**Task details:**
Return all the lines below exactly. Any picture among them is omitted.

**Collected data:**
....

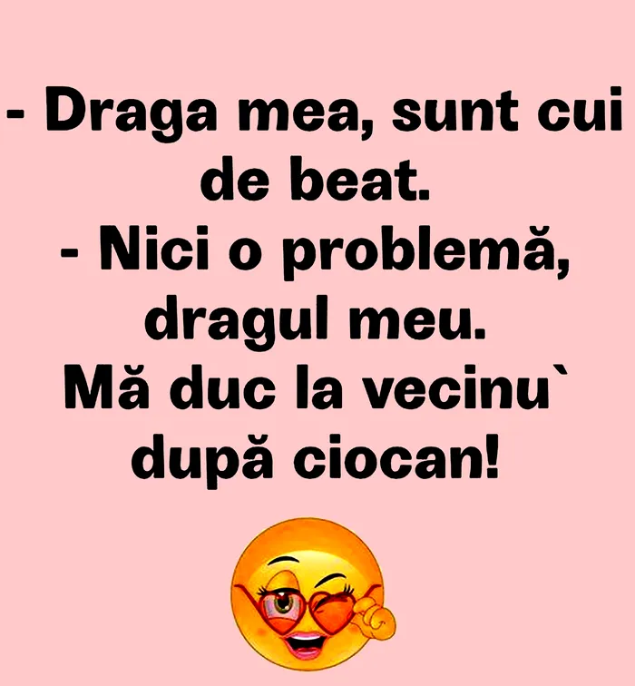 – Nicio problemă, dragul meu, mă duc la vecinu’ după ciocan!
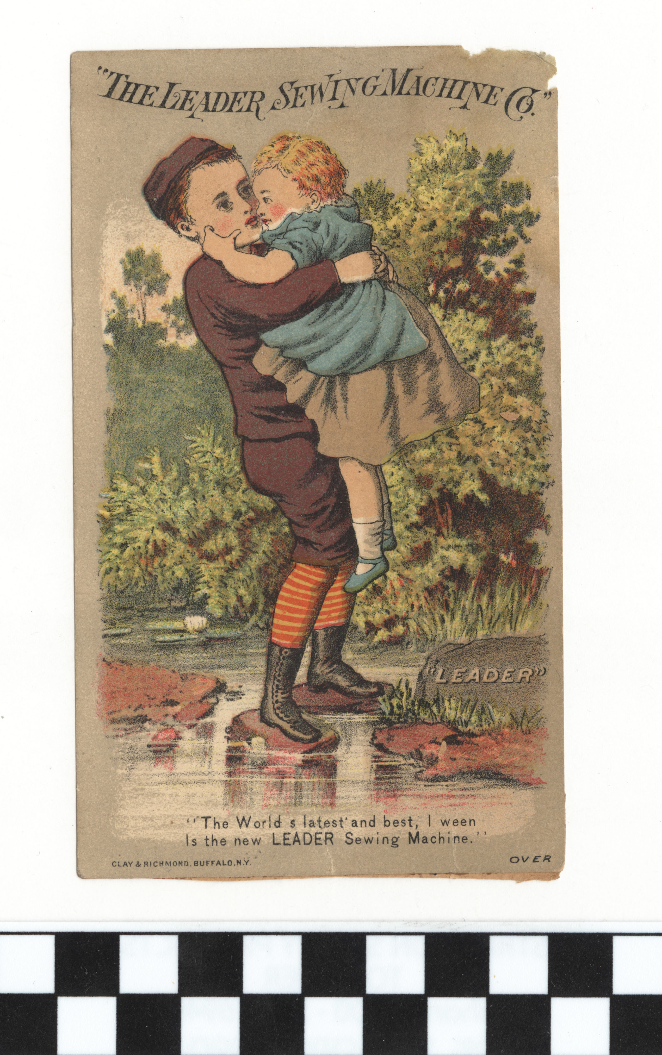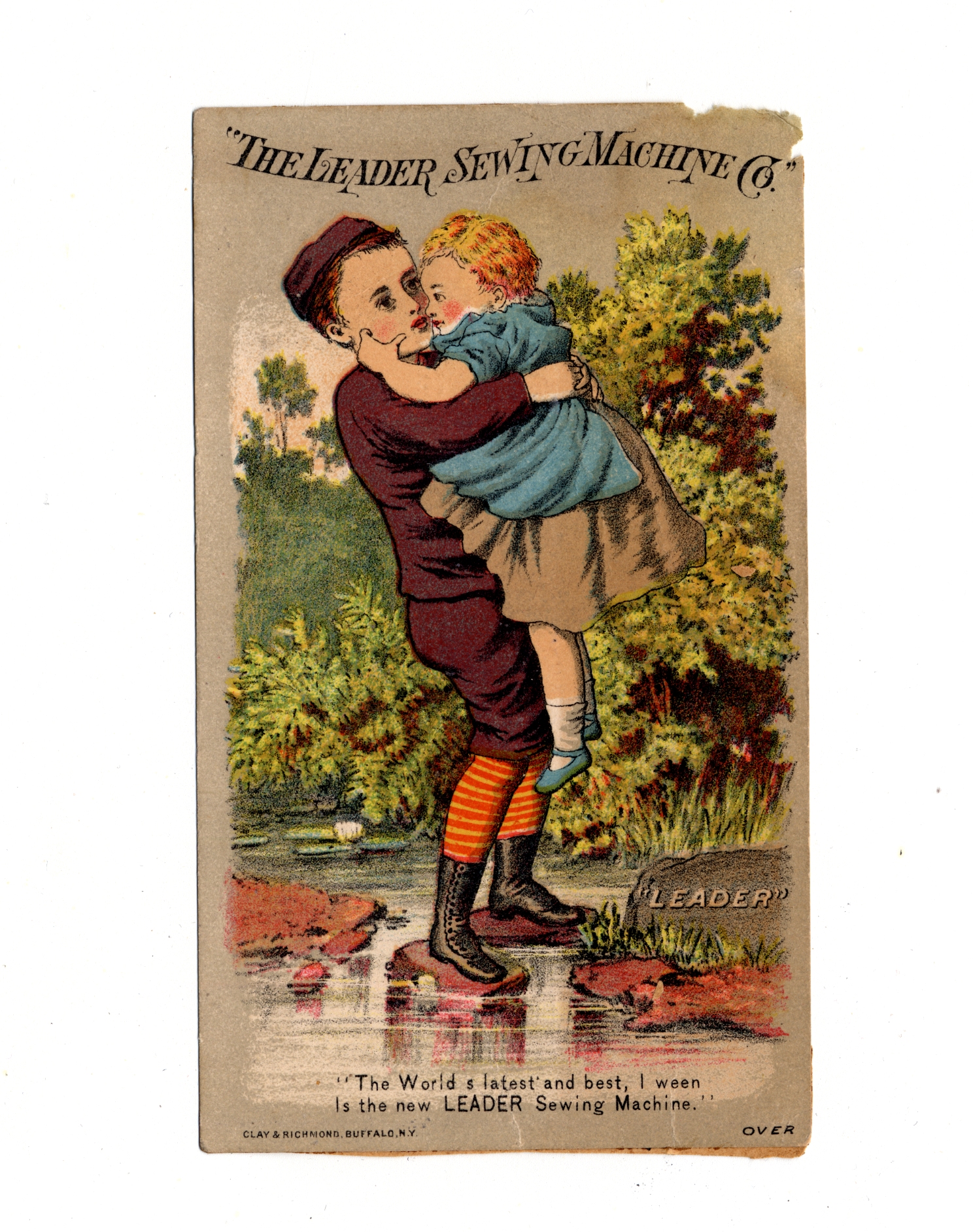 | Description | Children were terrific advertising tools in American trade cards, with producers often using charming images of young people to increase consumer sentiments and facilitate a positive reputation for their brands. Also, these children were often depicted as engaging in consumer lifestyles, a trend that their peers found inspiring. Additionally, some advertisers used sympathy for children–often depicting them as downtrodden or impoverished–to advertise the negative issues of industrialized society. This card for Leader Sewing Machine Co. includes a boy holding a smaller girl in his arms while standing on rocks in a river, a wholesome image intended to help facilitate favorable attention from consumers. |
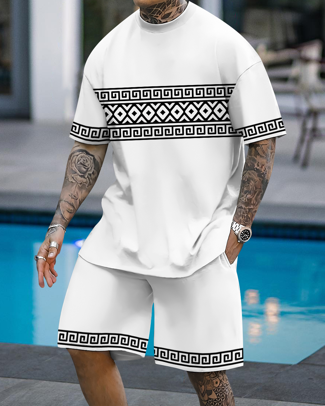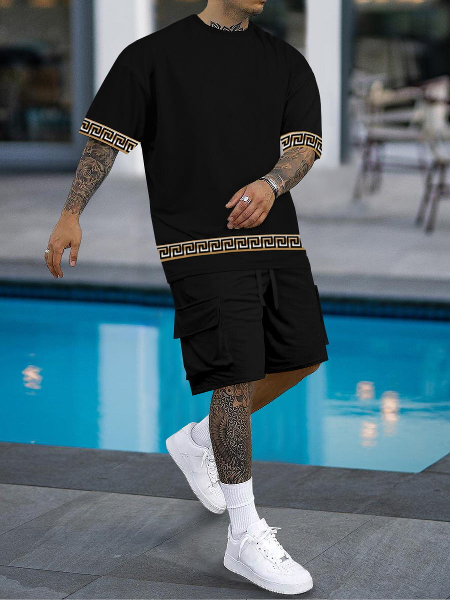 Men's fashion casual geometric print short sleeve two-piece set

....

**Exercise output:**
 – Nicio problemă, dragul meu, mă duc la vecinu’ după ciocan!
 | Description | Children were terrific advertising tools in American trade cards, with producers often using charming images of young people to increase consumer sentiments and facilitate a positive reputation for their brands. Also, these children were often depicted as engaging in consumer lifestyles, a trend that their peers found inspiring. Additionally, some advertisers used sympathy for children–often depicting them as downtrodden or impoverished–to advertise the negative issues of industrialized society. This card for Leader Sewing Machine Co. includes a boy holding a smaller girl in his arms while standing on rocks in a river, a wholesome image intended to help facilitate favorable attention from consumers. |
 Men's fashion casual geometric print short sleeve two-piece set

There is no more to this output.